Lack of incremental value of three-dimensional measurement in assessing invasiveness for lung cancer.

OBJECTIVES: The aim of this study was to evaluate the performance of consolidation-to-tumour ratio (CTR) and the radiomic models in two- and three-dimensional modalities for assessing radiological invasiveness in early-stage lung adenocarcinoma. METHODS: A retrospective analysis was conducted on patients with early-stage lung adenocarcinoma from Guangdong Provincial People's Hospital and Shenzhen People's Hospital. Manual delineation of pulmonary nodules along the boundary was performed on cross-sectional images to extract radiomic features. Clinicopathological characteristics and radiomic signatures were identified in both cohorts. CTR and radiomic score for every patient were calculated. The performance of CTR and radiomic models were tested and validated in the respective cohorts. RESULTS: A total of 818 patients from Guangdong Provincial People's Hospital were included in the primary cohort, while 474 patients from Shenzhen People's Hospital constituted an independent validation cohort. Both CTR and radiomic score were identified as independent factors for predicting pathological invasiveness.

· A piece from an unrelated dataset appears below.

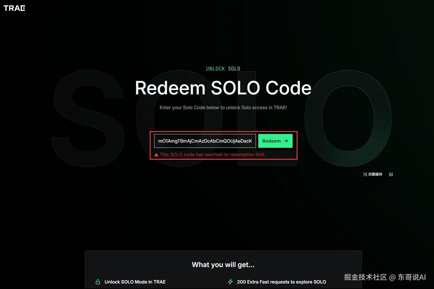 晚上蹲了一个多小时,只为守着抢到Trae SOLO邀请码,原以为我的手速够快了,没想到最后还是没抢到: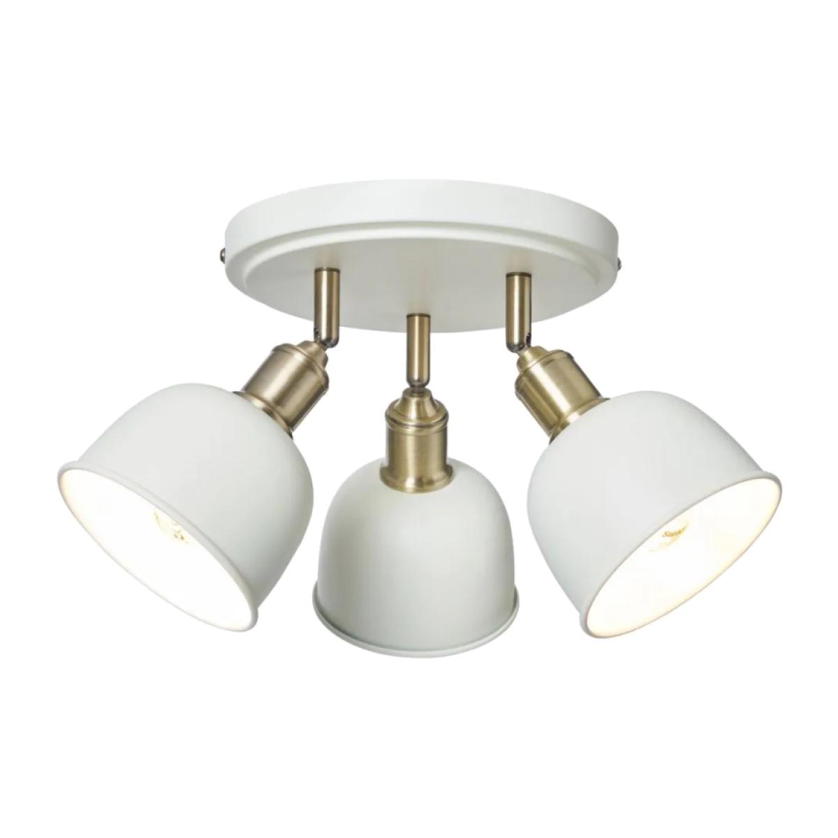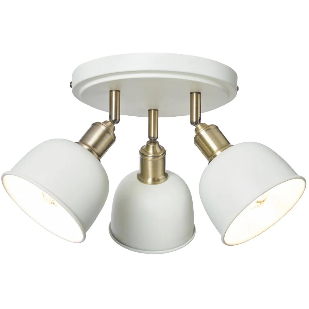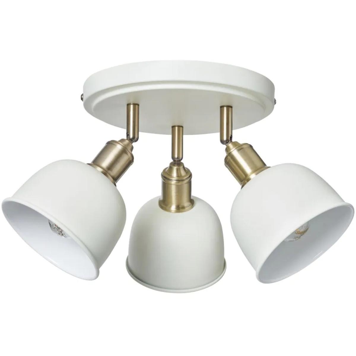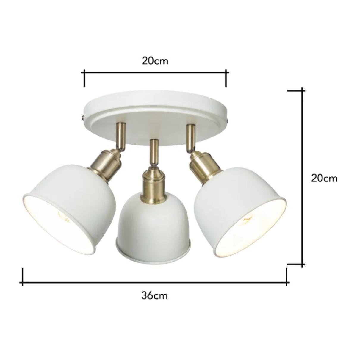 The BHS Dale Galley 3-Light Adjustable Spotlight Plate in Satin Ivory blends retro charm with modern versatility to brighten up any room effortlessly. Featuring three movable spotlight heads, it allows you to precisely direct light—ideal for task areas like kitchens, hallways, or workspaces—while the soft satin ivory finish paired with antique brass accents adds a chic, neutral elegance to your décor. Designed as a sleek ceiling-mounted plate, it’s compact yet impactful, offering style and practicality in equal measure. Material: Metal Product Type: Spotlight Ivory Round Ceiling Plate with Brass Accents & 3 Metal Movable Spotlights Number of Lights: 3 Bulb Type: E14 Small Edison Screw (not included) Bulb Shape: Golfball Max Wattage: 6 W Some Assembly Required Dimensions: Height: 20cm Diameter: 36cm Shade Height: 8.5cm Shade Diameter: 12cm Ceiling Cap: 20cm Weight: 1.3kg All screens vary in colour reproduction and whilst every effort has been made to display the colour as accurately as possible it is for guidance only.

CTR in two- and three-dimensional modalities exhibited comparable results with areas under the receiver operating characteristic curves and were demonstrated in the validation cohort (area under the curve: 0.807 vs 0.826, P = 0.059) Furthermore, both CTR in two- and three-dimensional modalities was able to stratify patients with significant relapse-free survival (P < 0.000 vs P < 0.000) and overall survival (P = 0.003 vs P = 0.001). The radiomic models in two- and three-dimensional modalities demonstrated favourable discrimination and calibration in independent cohorts (P = 0.189). CONCLUSIONS: Three-dimensional measurement provides no additional clinical benefit compared to two-dimensional.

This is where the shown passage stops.